## Exercise details
Drop the pictures, then repeat every record exactly as it stands.

[Opening Given data section]

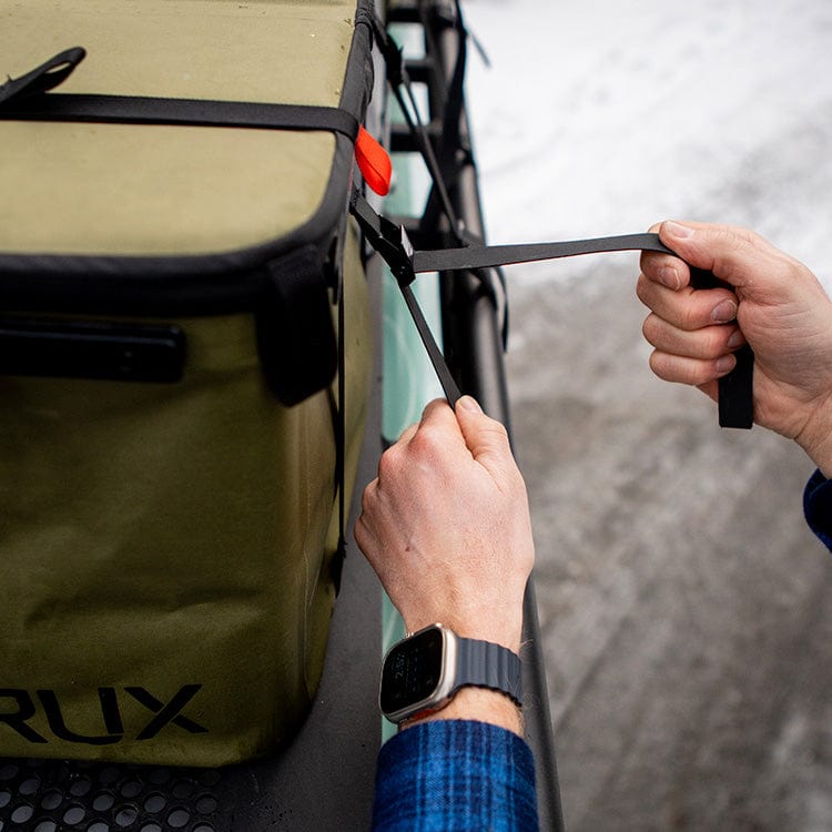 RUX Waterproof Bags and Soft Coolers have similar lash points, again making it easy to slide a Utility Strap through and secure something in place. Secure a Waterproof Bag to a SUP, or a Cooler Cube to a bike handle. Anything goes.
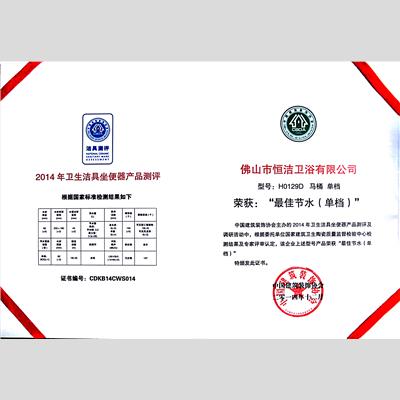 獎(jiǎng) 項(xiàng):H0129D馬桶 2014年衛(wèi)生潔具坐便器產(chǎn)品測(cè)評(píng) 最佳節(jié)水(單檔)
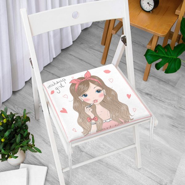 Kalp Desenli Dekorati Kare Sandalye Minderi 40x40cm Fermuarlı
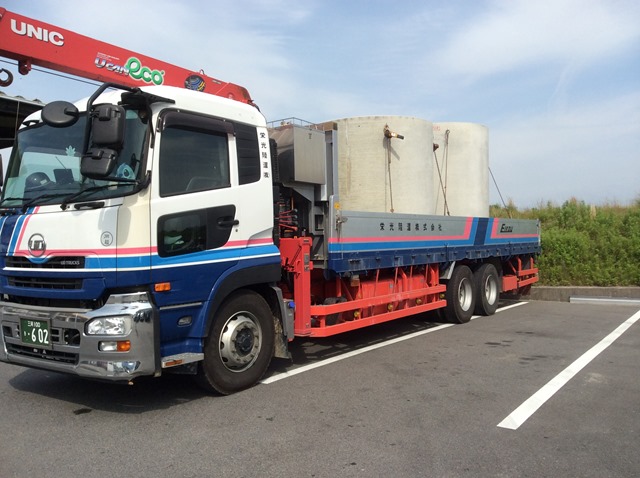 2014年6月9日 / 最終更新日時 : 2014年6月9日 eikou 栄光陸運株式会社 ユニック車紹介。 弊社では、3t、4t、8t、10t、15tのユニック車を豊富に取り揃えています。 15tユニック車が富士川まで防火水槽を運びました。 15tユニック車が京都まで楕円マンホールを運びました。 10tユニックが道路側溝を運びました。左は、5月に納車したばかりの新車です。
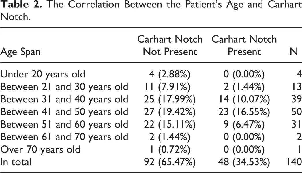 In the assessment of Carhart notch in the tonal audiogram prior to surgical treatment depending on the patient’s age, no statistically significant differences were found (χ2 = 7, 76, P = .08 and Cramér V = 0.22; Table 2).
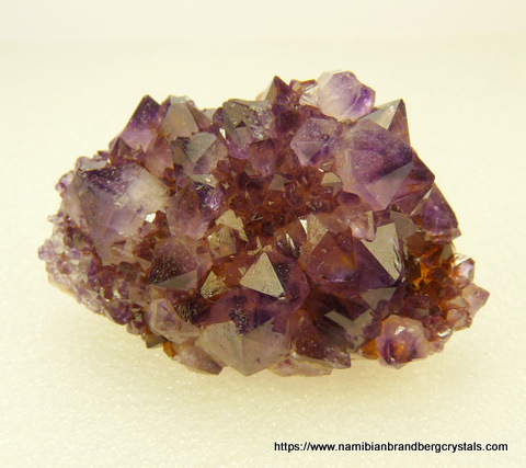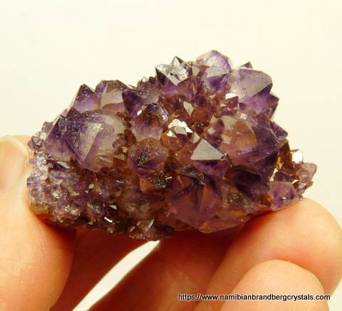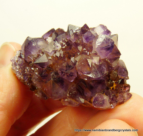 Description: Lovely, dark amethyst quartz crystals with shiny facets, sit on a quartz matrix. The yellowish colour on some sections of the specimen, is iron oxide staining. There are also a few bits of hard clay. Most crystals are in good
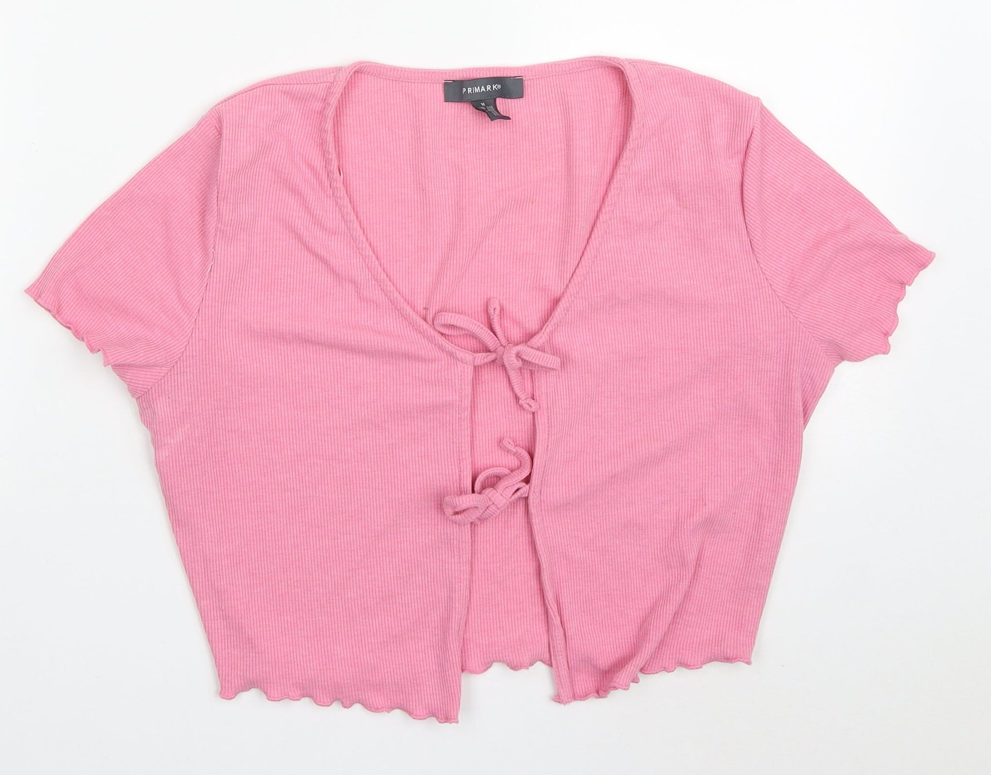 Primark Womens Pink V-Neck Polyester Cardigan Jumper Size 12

[Closing Given data section]

## Solved problem
 RUX Waterproof Bags and Soft Coolers have similar lash points, again making it easy to slide a Utility Strap through and secure something in place. Secure a Waterproof Bag to a SUP, or a Cooler Cube to a bike handle. Anything goes.
 獎(jiǎng) 項(xiàng):H0129D馬桶 2014年衛(wèi)生潔具坐便器產(chǎn)品測(cè)評(píng) 最佳節(jié)水(單檔)
 Kalp Desenli Dekorati Kare Sandalye Minderi 40x40cm Fermuarlı
 2014年6月9日 / 最終更新日時 : 2014年6月9日 eikou 栄光陸運株式会社 ユニック車紹介。 弊社では、3t、4t、8t、10t、15tのユニック車を豊富に取り揃えています。 15tユニック車が富士川まで防火水槽を運びました。 15tユニック車が京都まで楕円マンホールを運びました。 10tユニックが道路側溝を運びました。左は、5月に納車したばかりの新車です。
 In the assessment of Carhart notch in the tonal audiogram prior to surgical treatment depending on the patient’s age, no statistically significant differences were found (χ2 = 7, 76, P = .08 and Cramér V = 0.22; Table 2).
 Description: Lovely, dark amethyst quartz crystals with shiny facets, sit on a quartz matrix. The yellowish colour on some sections of the specimen, is iron oxide staining. There are also a few bits of hard clay. Most crystals are in good
 Primark Womens Pink V-Neck Polyester Cardigan Jumper Size 12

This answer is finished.